Murrells Inlet
While local people caught fish and gathered shellfish for their own tables, the only seafood products that could be shipped from the future “Seafood Capital” were salted mullet, clams, and diamondback terrapin.
(Georgetown County; 2020 pop. 9,137). Located twenty-two miles up the Waccamaw Neck from Georgetown, Murrells Inlet first appeared on maps from the early 1800s as either Murray’s Inlet or Morrall’s, the latter after John Morrall, who purchased 610 acres on the inlet in 1731. By the mid-1800s rice plantations were operating all along the Waccamaw Neck. A handful of planters owned personal “swaths” of the inlet, each having his own “creek boy,” a slave whose job was working the inlet for oysters, clams, crabs, shrimp, and fish. During the Civil War, Murrells Inlet became a small port for Confederate forces, and blockade-runners stopped there for supplies such as salt, produced by seawater evaporation in large pans along the shore.
By the close of the nineteenth century, people from inland South Carolina towns, particularly Marion, began to establish a summer colony along the inlet creekfront. The area remained, for the most part, a farming community. While local people caught fish and gathered shellfish for their own tables, the only seafood products that could be shipped from the future “Seafood Capital” were salted mullet, clams, and diamondback terrapin.
If the inlet’s seafood could not be shipped out, then people would have to go there to get it; and throughout the twentieth century they did just that.
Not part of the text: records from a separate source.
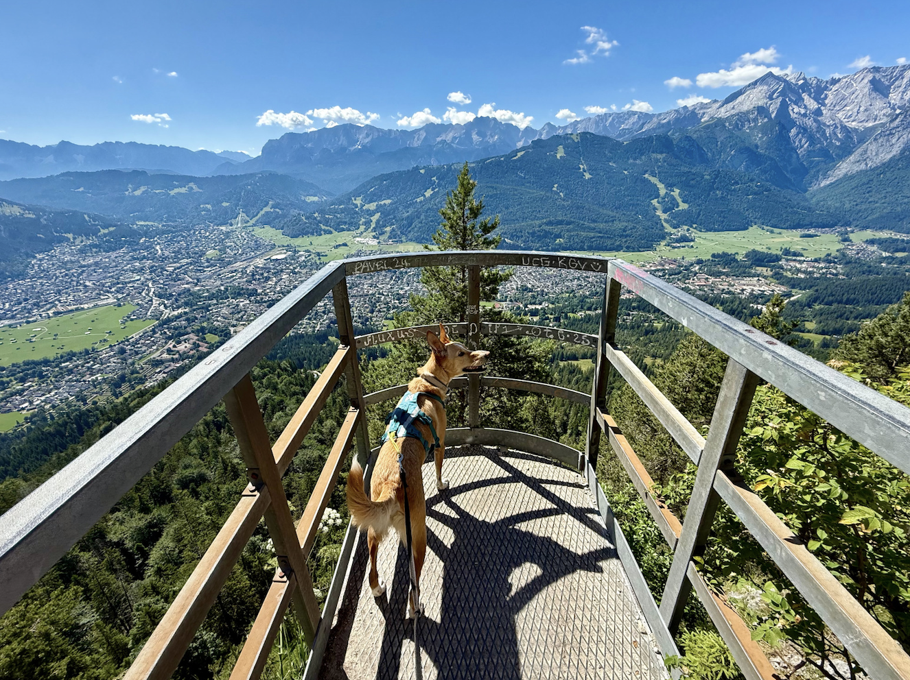 Dass Garmisch-Partenkirchen sich ideal eignet, um Hund und Mensch an längere Bergtouren heranzuführen, zeigt auch das Beispiel von Nadine Regel. Die Journalistin und Bergsportexpertin nutzte die Region zur Vorbereitung auf ihre 50-tägige Alpenüberquerung mit ihrem Hund. Nachzulesen in ihrem Buch „Mein Glück hat vier Pfoten – Wie ich mit meinem Hund über die Alpen wanderte“.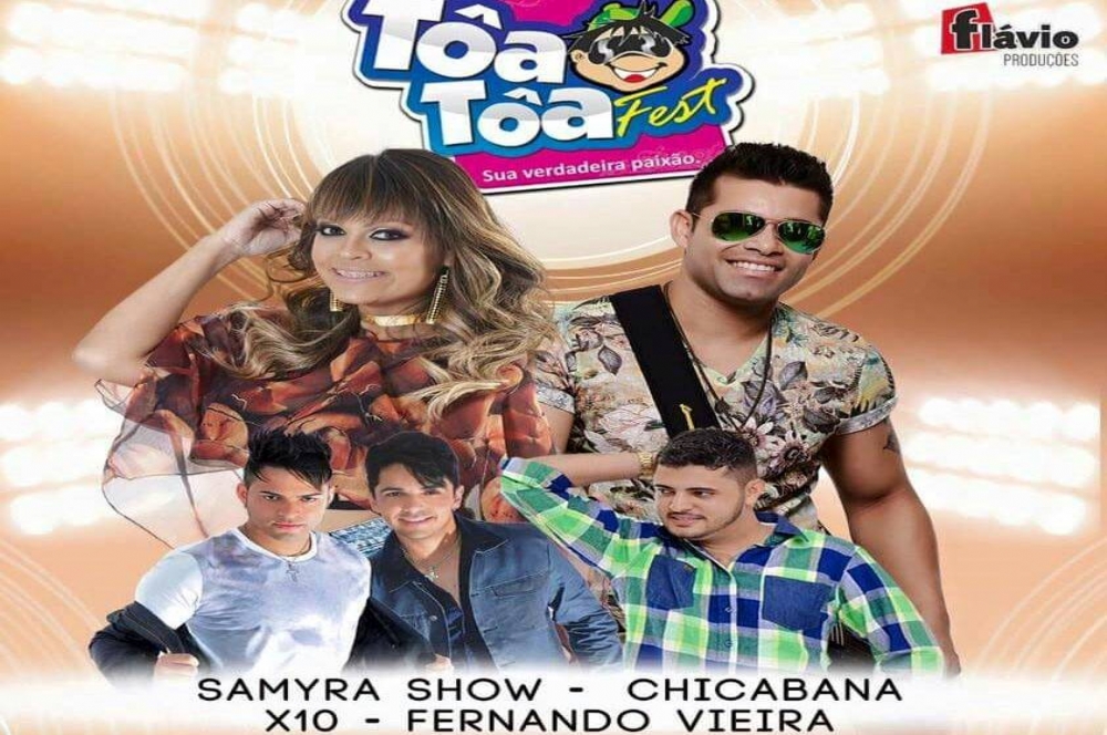A 10ª edição do Tôa Tôa Fest acontece no dia 20 de abril, a partir das 21h, na Praça de Eventos de Nossa Senhora da Glória. Samyra Show, Chicabana, X10 e Fernando Vieira são as atrações do evento. Os ingressos do 1º lote custam R$ 30 (pista) e R$ 50 (camarote).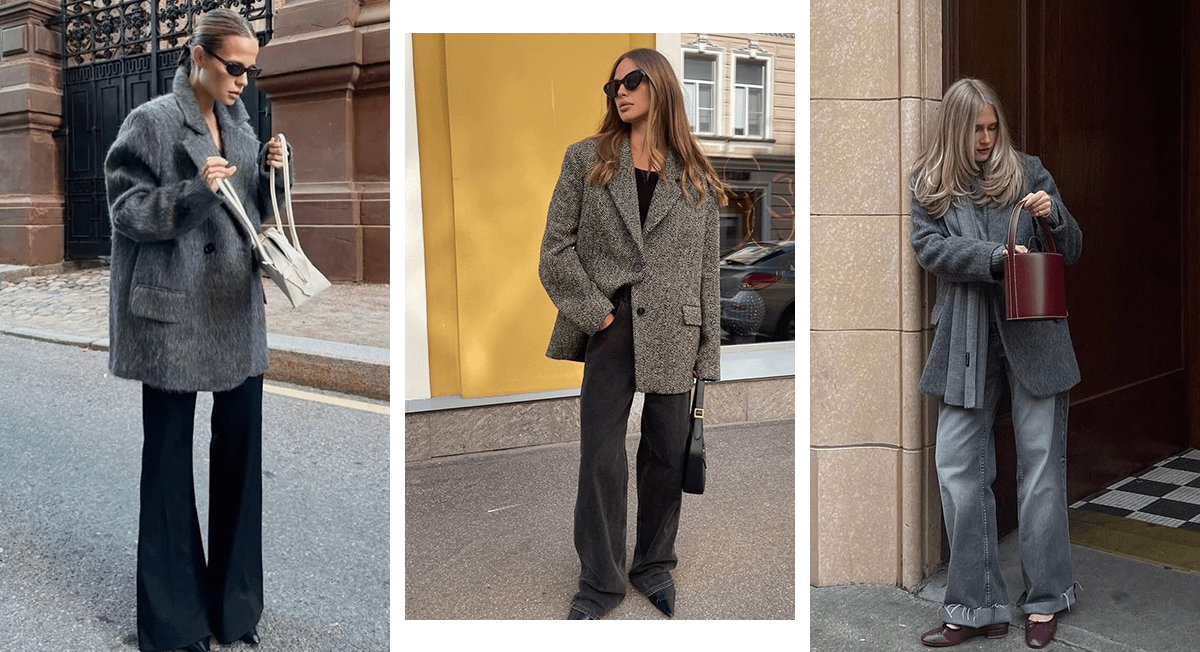 Речь в этом случае идет не об оверсайз-жакете, который выглядит так, будто был снят с великана, а об изделии, которое не прилегает к телу, но хорошо сидит в плечах. Оптимальный выбор для холодной осени — жакет из шерсти с плотной подкладкой. Длина изделия должна доходить до середины бедра или быть на пару сантиметров выше.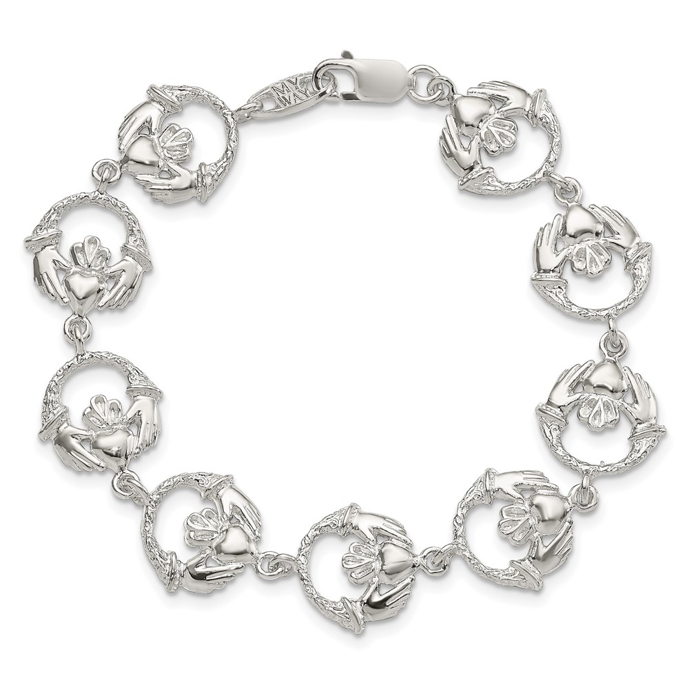 Sterling Silver Polished and Textured Claddagh Link 7 inch Bracelet

At first they came to down-home, hole-in-the-table oyster roasts and fried shore dinners put on by Murrells Inlet’s “founding families”: the Morse, Nance, Vereen, Oliver, Chandler, and Lee families. The food was fried and the atmosphere friendly, and the area’s popularity grew. A growing fleet of charter and party boats arose, with inlet captains taking visiting anglers offshore. During World War II, captains ran boats for the Crash Boat Station, recovering the bodies of flyers lost in aerial gunnery practice over the area.
After the war, prosperity made Murrells Inlet more accessible, and local seafood restaurants benefited from their close proximity to Myrtle Beach. The salad days lasted until September 1989, when Hurricane Hugo gave the creekfront a new look overnight. As it had before, the community rebounded. Despite a sixty-six percent increase in local population during the 1990s, commercial development, and economic competition, the community held on to its history and heritage–and to its reputation as a great place to visit, a great place to eat, and a great place to live.
Gasque, Pratt. Rum Gully Tales from Tuck’em Inn: Stories of Murrells Inlet and the Waccamaw Country. Orangeburg, S.C.: Sandlapper, 1990.
Peterkin, Genevieve. Heaven Is a Beautiful Place: A Memoir of the South Carolina Coast. Columbia: University of South Carolina Press, 2000.
Rogers, George C. History of Georgetown County, South Carolina. Columbia: University of South Carolina Press, 1970.